Happy Belated Birthday Governor Gage!
Christmas Day 1852 is the birthdate of California’s 20th governor, Henry Tifft Gage, whose one term at the turn of the 20th Century was overshadowed by a bubonic plague outbreak in San Francisco that the Los Angeles Republican spent most of his tenure denying.
The political issues during his term straddled the two centuries, highlighting the state’s metamorphosis into a global power.
In his 1899 inaugural address, Gage called for annexation of the Philippines, a territory won through the Untied States’ victory in the Spanish-American War, as a means to improve the state’s trading posture.
At the same time, the walrus-mustached chief executive decried the alleged fraud in $287,615 in claims for coyote scalps as well as insisting the federal government pay California for the $4 million in costs incurred during the Civil War.
The New York native, who spent his teenage years in Michigan before moving to California in 1874, signed the 1901 legislation creating Cal Poly San Luis Obispo and authorized the $250,000 purchase of 3,800 acres of sequoias at Big Basin in Santa Cruz County.
Described by James White in The National Cyclopaedia of American Biography, as “witty, kindly mannered and an inimitable raconteur,” Gage hired the first women doctors for the “State Hospitals for the Insane” and was the first governor to mediate a strike – Teamsters on San Francisco’s waterfront. According to an account in the Los Angeles Times, he disguised himself as a stevedore to personally assess the mood of strikers.
“My career in office has not been one of pleasurable ease nor have I ever sought, at the expense of public duty, my own aggrandizement,” Gage said in his second biennial message to the Legislatureon January 5, 1903, shortly before leaving office.
“Mistakes may have been made sometimes, perhaps through want of that diplomatic tact which graces many in public life — and which too often deceives — but for such, and all mistakes, wherever made, I shall be answerable to the judgment of my fellow-citizens in the quiet and just criticism of private life.”
Like most state politicians of the time, Gage was in the control of Southern Pacific Railroad, the most powerful corporation in the state and owner of 85 percent of California’s rail right-of-way.
The company’s “Political Bureau” picked candidates of both parties and quashed all legislation threatening to weaken its monopoly. The Railroad Commission, which allegedly regulated the industry, was known derisively as the “Southern Pacific Literary Club.”

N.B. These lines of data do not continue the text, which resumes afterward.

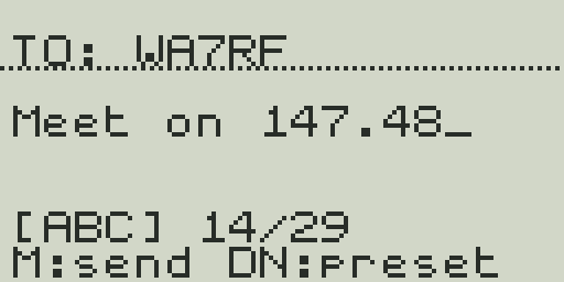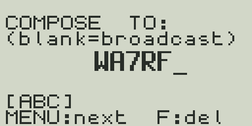 The cursor starts in the TO field. Enter the recipient's callsign using T9 text input (see below). To send a broadcast heard by all nearby stations, leave it blank or enter CQ. Press MENU to advance to the message body. Use F to backspace.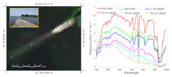 The attenuative effect of the water column on the recorded signals of a flooded cement road at the Long Sault Parkway, ON, from airborne hyperspectral imagery (HSI) (CASI-1500). The colored boxes identify the pixels for which the spectra are shown on the right in units of radiance. The pixels chosen represent an increasing effect of the water column, with the dry road pixel being entirely unaffected by water. The inset photo shows what the flooded road looks like from the ground and was taken at the point indicated by the yellow circle. Note that the spectra here are in radiance, prior to atmospheric correction, as such the strong atmospheric water absorption features (e.g., 940 nm) can be seen in the spectrum from the dry road.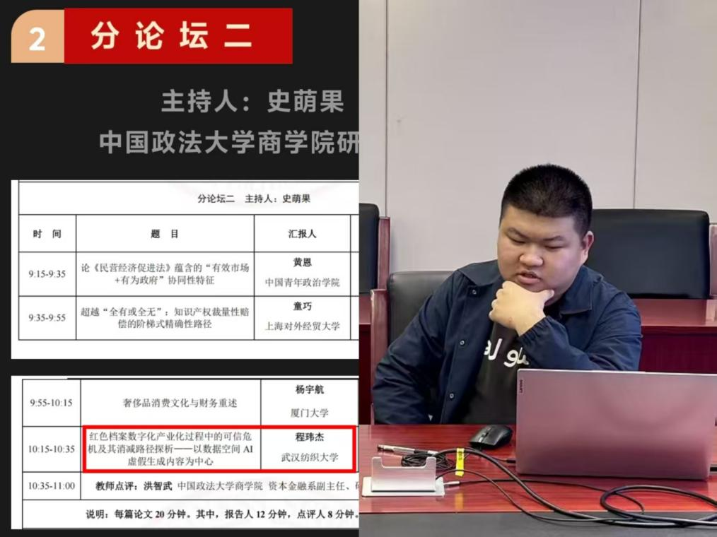 在上午的第二分论坛上,程玮杰以《红色档案数字化产业化过程中的可信危机及其消减路径探析——以数据空间AI虚假生成内容为中心》为题做学术交流。他提出要以可信数据空间开发红色档案,确保红色档案数据真实有效,通过技术框架、多元共治、精准追责、分类分级管理的方式提高红色档案数据的可信管控能力,发挥好红色档案资政助研育人的时代价值。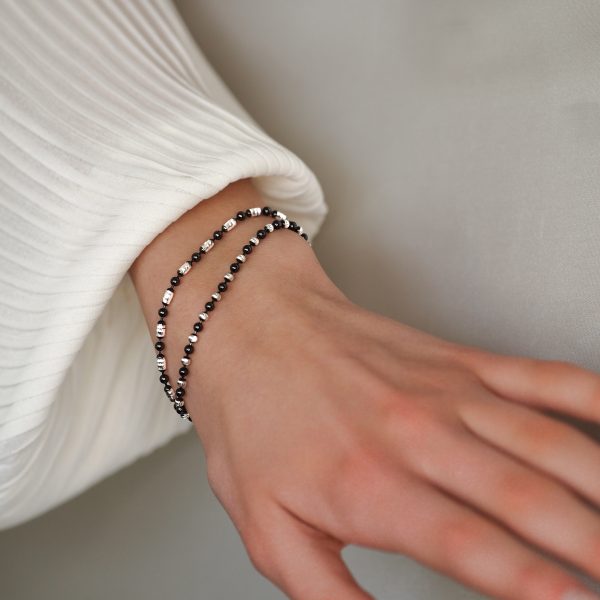 - Rankų darbo apyrankė pagaminta iš graviruotų juodo ir balto sidabro karoliukų, todėl lengvai derinama prie kitų spalvų ir tekstūrų papuošalų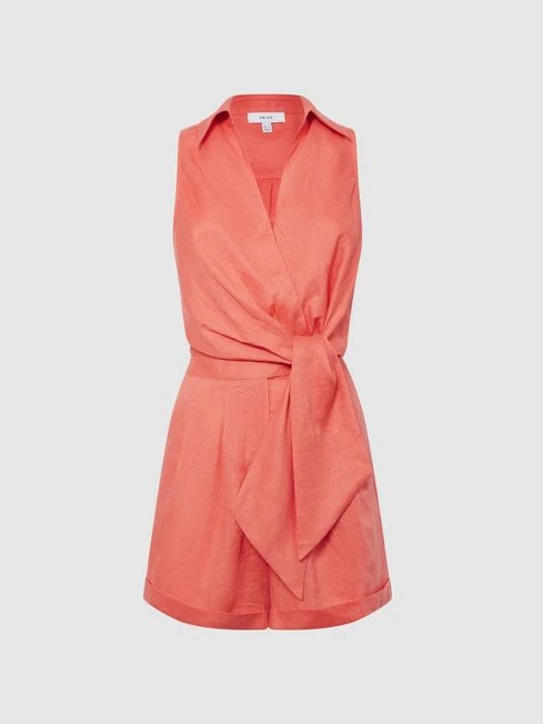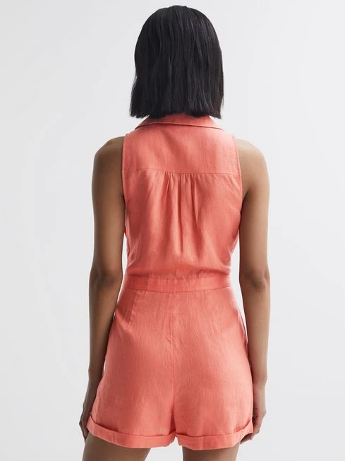The Suki playsuit is cut from lightweight, breathable linen into a simplistic shirt-inspired design. It’s finished with a self-tie detail to the waist to cinch the profile. Loaded with throw-on-and-go appeal, it can be worn with embellished sandals for the daytime and slip-on heels for warm, vacation evenings.

Gage didn’t take kindly to be accused of being in Southern Pacific’s thrall.
An anonymous cartoon of him being led on a leash by Collis P. Huntington led Gage as governor to sponsor and sign legislation requiring newspaper articles and cartoons challenging the integrity or reputation of an individual to be signed.
His second biennial address to lawmakers includes a lengthy section encouraghing libel to be made a felony.
Gage — his oddly spelled middle name Tifft being that of his uncle — was a sheep dealer for the first three years he lived in California.
Using the law degree he earned in Michigan, he opened a Los Angeles law office in 1877.
Southern Pacific became a client, which meant the state’s four richest and most powerful men were Gage’s allies – as long as he was theirs.
Southern Pacific backed Gage for more than 25 years.
In 1880, Gage married Francisa – Fannie – Rains, the great granddaughter of Californio Antonio Maria Lugo, an alcalde of Los Angeles.
They took up residence in the family adobe in what’s now Bell Gardens. Gage lived there until shortly before his death in 1924.
Gage’s measured rise in Republican party ranks began with his election as Los Angeles City Attorney in 1881.
With a cadre of other investors, Gage purchased several mines in the Santa Clarita Valley the following year, among them the Red Rover Mine near Acton, which became Southern California’s most successful gold mine, clearing $1.5 million before it closed.
As governor, Gage proposed moving the Capitol from Sacramento to Acton, according to the City of Acton’s website. It’s unclear how serious was he proposal. The Legislature didn’t acquiesce.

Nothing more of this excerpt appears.